I resolved that one day, I too would visit – though hopefully not share the fate of McCandless or Timothy Treadwell. But I did want a glimpse of what they had experienced. And so, in June, I made my way to Vancouver to begin a 9-night itinerary aboard Oceania Cruises’ Riviera. The route was perfectly pitched: Alaska cruise must-sees like Juneau and Ketchikan, paired with a few surprises along the way.

Vancouver

Vancouver itself is a worthy starting point for any Alaskan adventure. A cool, contemporary city with a scenic backdrop, a beautiful waterfront, and the artsy, slightly bohemian Granville Island – just a two-minute water taxi ride away. I spent two nights at the Hyatt in the city centre, which gave me time to adjust to the time difference and take a tour of Grouse Mountain and Capilano.

Bears!

While I’ll admit I’m not a fan of cable cars, they’re a necessary evil if you want to visit the brown bear sanctuary at the summit. Bears are perhaps Alaska’s most iconic wildlife attraction, but sightings are never guaranteed. Travelling in June meant the bears had not yet begun flocking to the rivers to feast on salmon, so the chances of wild encounters were lower. I reasoned that, at the very least, I’d leave the Pacific Northwest having seen one.

The Inside Passage

And so to Alaska – but not before a day sailing through British Columbia, heading towards the much-fabled Inside Passage. I’d slightly overestimated how well I’d adjusted to the time difference, so at around 4:30 am, I found myself wide awake, sitting out on the balcony and taking in my first glimpse of true wilderness. There was no doubt: this was what I’d come for.

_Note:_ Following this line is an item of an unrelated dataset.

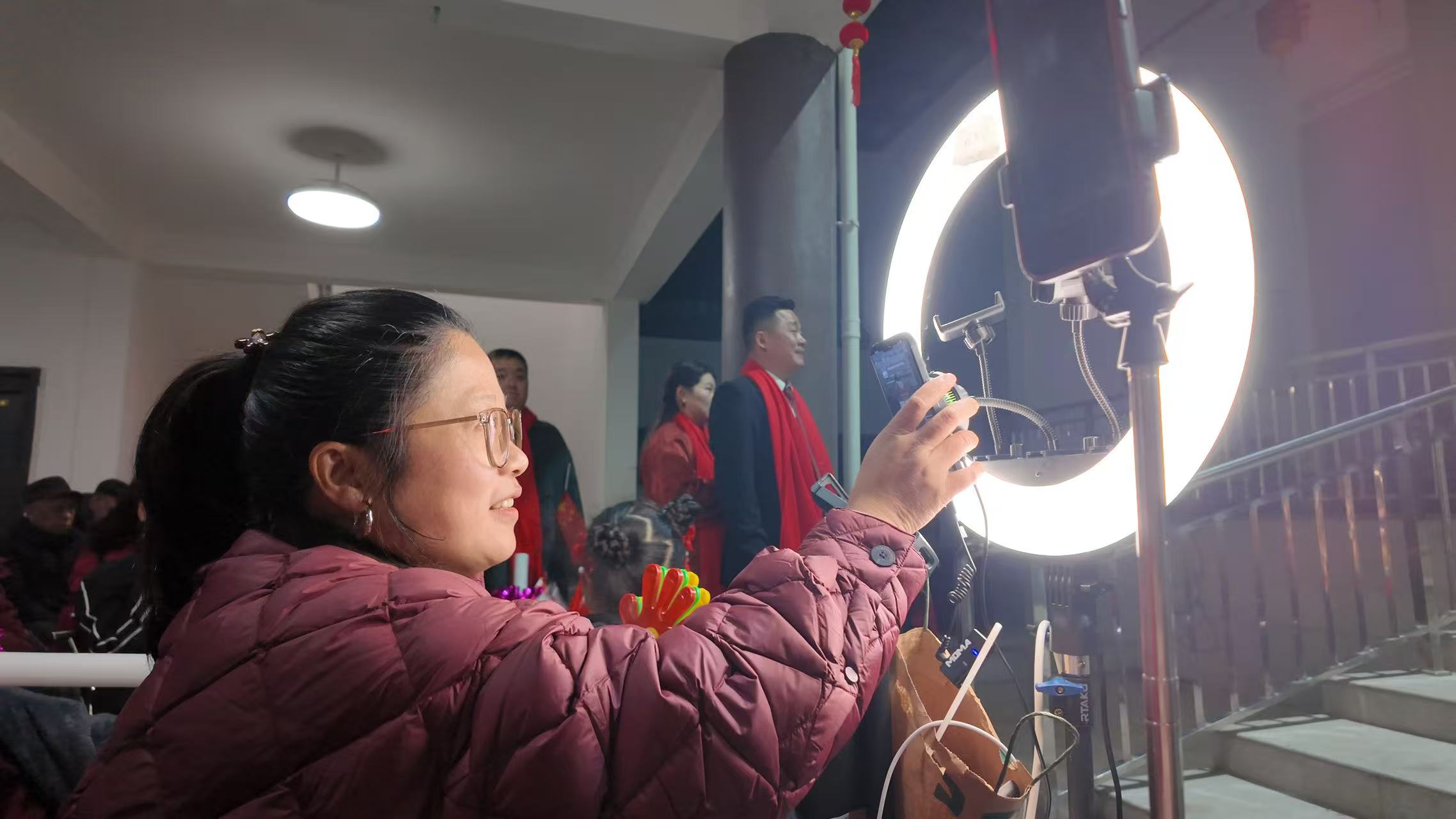 这场热闹非凡的“村晚”,从一开始就凝聚着全村人的心意。由村民主动提议、村湾理事会商议敲定,消息一传出,立刻得到了大家的全力支持——有钱出钱、有力出力,有才艺的主动报名上台,懂技术的义务调试设备,还有擅长直播的村民架起手机,全程在线直播,让远在外地不能回家的游子,也能隔着屏幕“云团圆”,感受家乡浓浓的年味与亲情。

An hour passed in near silence before fins began slicing through the still water – Pacific dolphins. My first taste of real wildlife, and I wasn’t even in Alaska yet.

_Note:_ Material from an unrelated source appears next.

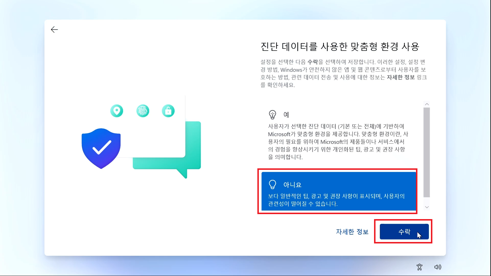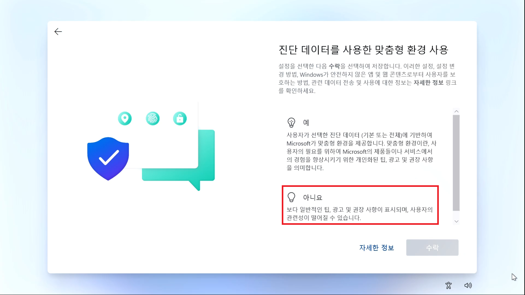 44. 진단 데이터를 사용한 맞춤형 환경 사용할건지 선택창입니다

The Inside Passage weaves through the islands and inlets of southeastern Alaska. Nearly every itinerary includes at least one day traversing it, and the views were breathtaking to say the least. Dense, emerald-green forests, snow-capped mountains, and – on the following morning – a belt of mist so thick it felt as if we’d crossed into some kind of mystical ether.

And then it happened.

It’s hard to explain what it’s like when you see your first whale. Even more so when that whale seems intent on putting on a show, leaping from the water at regular intervals as if to welcome you to his world. Like bears, whales are a cornerstone of any Alaska trip. By the end of the itinerary, I believe I’d seen around 15 different whales – sometimes five or six in a single day. I’ll say it confidently: they’re about as close to guaranteed as it gets.

Ketchikan: Alaska's First City

Fusing Indigenous heritage and frontier spirit, Ketchikan is proudly known as Alaska’s First City – often the first port of call as you sail north. Creek Street’s stilted houses and the towering totems at Saxman Village are among its most famous landmarks, but the small streets are just as rewarding for those with a curiosity for Native Alaskan art, gold-rush lore, and, of course, local brewing – something I put to a thorough test throughout my time in the region.

If I had one recommendation, it would be to visit the D’s Fish & Chip Shack. You’ll have the best fish and chips you’ve ever tasted – and that’s coming from someone who’s had more than their fair share of the British version.

Docking at Ward Cove East – Ketchikan’s impressive new cruise terminal – we joined a guided hike through the Tongass National Forest before heading into the city. It wasn’t quite as strenuous or wild as I might have hoped, but it was a gentle introduction to the kind of wilderness I’d come looking for. Bonus points to our guide, who came armed with bear spray—a sure sign they might be nearby.

The forest itself is lush and primaeval, with towering cedars, dense undergrowth, and thick moss carpeting everything in sight. Along the trail, tree trunks were lined with bite marks – clear evidence that bears had been around. Another promising sign… but no luck this time.